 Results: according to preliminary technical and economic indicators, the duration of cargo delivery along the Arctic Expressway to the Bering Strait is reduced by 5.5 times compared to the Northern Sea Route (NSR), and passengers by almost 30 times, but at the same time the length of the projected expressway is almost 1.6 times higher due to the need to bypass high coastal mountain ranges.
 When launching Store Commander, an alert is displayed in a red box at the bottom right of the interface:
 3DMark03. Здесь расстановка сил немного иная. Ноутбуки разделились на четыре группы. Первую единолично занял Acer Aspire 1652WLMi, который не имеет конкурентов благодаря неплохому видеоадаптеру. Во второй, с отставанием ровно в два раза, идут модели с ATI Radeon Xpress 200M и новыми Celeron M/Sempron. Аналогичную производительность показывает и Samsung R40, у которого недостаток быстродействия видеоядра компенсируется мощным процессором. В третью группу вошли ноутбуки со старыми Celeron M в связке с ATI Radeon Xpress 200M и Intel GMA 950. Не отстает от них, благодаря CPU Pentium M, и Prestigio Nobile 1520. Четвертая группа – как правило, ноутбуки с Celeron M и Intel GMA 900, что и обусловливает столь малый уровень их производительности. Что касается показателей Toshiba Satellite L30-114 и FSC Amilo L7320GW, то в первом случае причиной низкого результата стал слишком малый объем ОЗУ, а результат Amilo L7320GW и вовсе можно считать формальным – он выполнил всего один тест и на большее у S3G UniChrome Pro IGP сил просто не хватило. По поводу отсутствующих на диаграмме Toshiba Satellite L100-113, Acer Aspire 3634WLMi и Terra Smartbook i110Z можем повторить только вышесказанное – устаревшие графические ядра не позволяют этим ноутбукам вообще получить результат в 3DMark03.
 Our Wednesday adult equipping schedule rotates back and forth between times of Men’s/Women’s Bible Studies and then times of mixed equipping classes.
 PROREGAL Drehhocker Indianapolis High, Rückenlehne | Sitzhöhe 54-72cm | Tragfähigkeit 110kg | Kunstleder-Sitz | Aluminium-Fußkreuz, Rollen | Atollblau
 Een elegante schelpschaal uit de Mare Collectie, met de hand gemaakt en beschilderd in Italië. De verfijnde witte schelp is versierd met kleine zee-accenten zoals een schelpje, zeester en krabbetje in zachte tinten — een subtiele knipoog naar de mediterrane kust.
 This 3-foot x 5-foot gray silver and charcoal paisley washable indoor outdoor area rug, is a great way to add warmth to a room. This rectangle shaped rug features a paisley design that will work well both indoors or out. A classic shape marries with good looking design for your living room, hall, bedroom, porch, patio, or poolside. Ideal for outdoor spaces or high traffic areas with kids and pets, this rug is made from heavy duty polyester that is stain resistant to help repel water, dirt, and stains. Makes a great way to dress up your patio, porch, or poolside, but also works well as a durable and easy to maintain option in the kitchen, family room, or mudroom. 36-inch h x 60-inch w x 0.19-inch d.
+===+
*ABOUT THIS TASK*: Scan the material above for the word "times". Copy each line where it occurs.

*RESPONSE*:
 Results: according to preliminary technical and economic indicators, the duration of cargo delivery along the Arctic Expressway to the Bering Strait is reduced by 5.5 times compared to the Northern Sea Route (NSR), and passengers by almost 30 times, but at the same time the length of the projected expressway is almost 1.6 times higher due to the need to bypass high coastal mountain ranges.
 Our Wednesday adult equipping schedule rotates back and forth between times of Men’s/Women’s Bible Studies and then times of mixed equipping classes.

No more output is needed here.